## [Recorded data]

#####

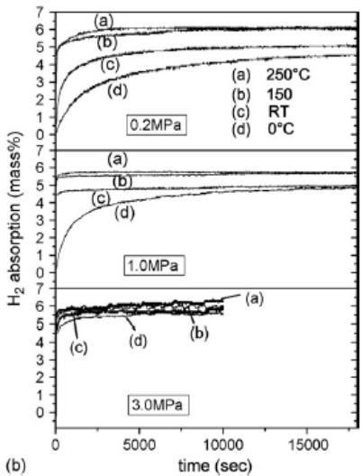 - (b) Hydrogen desorption below $0.03\mathrm{MPa}$ hydrogen pressure [13]
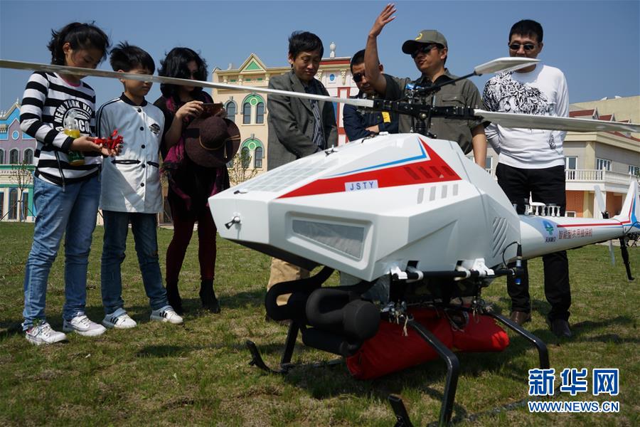 4月30日,参赛队员向观众介绍无人机的性能。当日,江苏省首届无人机摄影大赛在盐城市大丰港开赛,来自全省19个无人机飞行团队的8种机型参加此次大赛。 新华社记者韩瑜庆摄
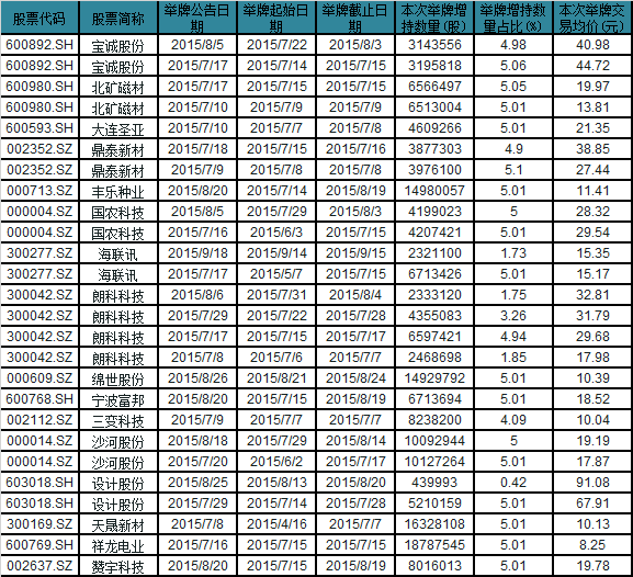 万科宝能股权争夺战引发了市场对“举牌者”的高度关注。其实从今年6月份以来,市场上除了宝能系前后多次高调举牌万科之外,众多机构投资者也爱上“举牌”,不过这些“举牌者”目标多数为小市值的上市公司。其中,今年3月挂牌新三板的中科招商(832168.OC)也加入到“举牌者”的队伍中,旗下中科汇通已集中增持二十几家上市公司,多以“逢低吸筹”为策略对小股本公司进行打包扫货。
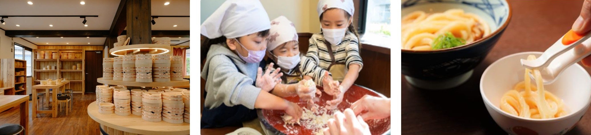 また、こども達に食の楽しさや尊さを伝える「食育活動」にも積極的に取り組んでいます。「こどもうどん教室」では、うどんを粉と塩と水を手で混ぜるところから体験でき、キッチンカーを用いての出張教室も日本中で実施をしています。そして、環境面ではプラスチック使用量の削減にも取り組んでいます。店内では繰り返し使用可能な食器の活用や、テイクアウト商品のカトラリーやビニール袋へのバイオプラスチック配合など、石油由来素材の使用削減を進めています。
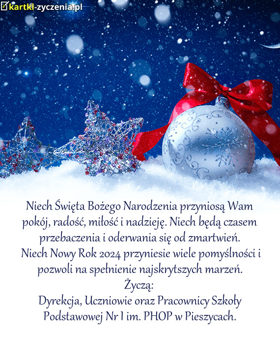 Niech Święta Bożego Narodzenia przyniosą Wam pokój, radość, miłość i nadzieję. Niech będą czasem przebaczenia i oderwania się od zmartwień.
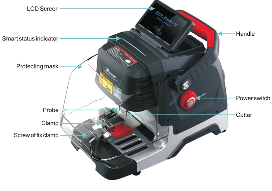Автоматическая портативная машина для резки ключей Xhorse Dolphin II XP-005L с регулируемым экраном и встроенным аккумулятором
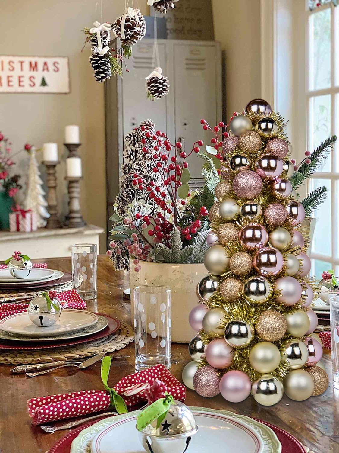 16" Mini Christmas Tree, Small Xmas Tree Decorations with 94 PCS Shatterproof Christmas Ornaments Balls for Christmas Party Centerpiece -Gold Pink
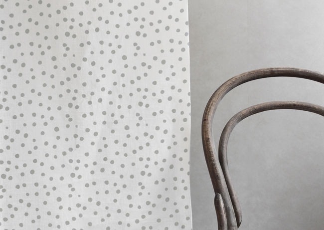 Dottie Greige-WHT is a white 100% Linen fabric with a Grey dot pattern. Medium weight fabric.
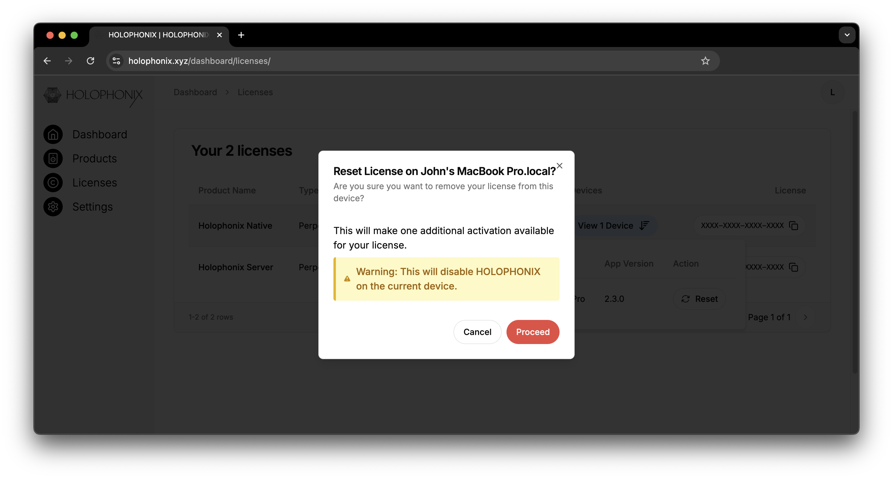 Si vous devez déplacer votre licence vers un ordinateur ou matériel différent, vous pouvez la réinitialiser directement depuis le tableau de bord en cliquant sur View Device puis Reset. Ce processus désactivera la licence sur l'appareil actuel, vous permettant de l'activer sur un nouvel appareil.

#####

## [PROBLEM STATEMENT]
Reproduce verbatim every line starting at the line that holds "Автоматическая портативная машина" and ending with the final line of the data; omit the pictures.

## [WORKED SOLUTION]
Автоматическая портативная машина для резки ключей Xhorse Dolphin II XP-005L с регулируемым экраном и встроенным аккумулятором
 16" Mini Christmas Tree, Small Xmas Tree Decorations with 94 PCS Shatterproof Christmas Ornaments Balls for Christmas Party Centerpiece -Gold Pink
 Dottie Greige-WHT is a white 100% Linen fabric with a Grey dot pattern. Medium weight fabric.
 Si vous devez déplacer votre licence vers un ordinateur ou matériel différent, vous pouvez la réinitialiser directement depuis le tableau de bord en cliquant sur View Device puis Reset. Ce processus désactivera la licence sur l'appareil actuel, vous permettant de l'activer sur un nouvel appareil.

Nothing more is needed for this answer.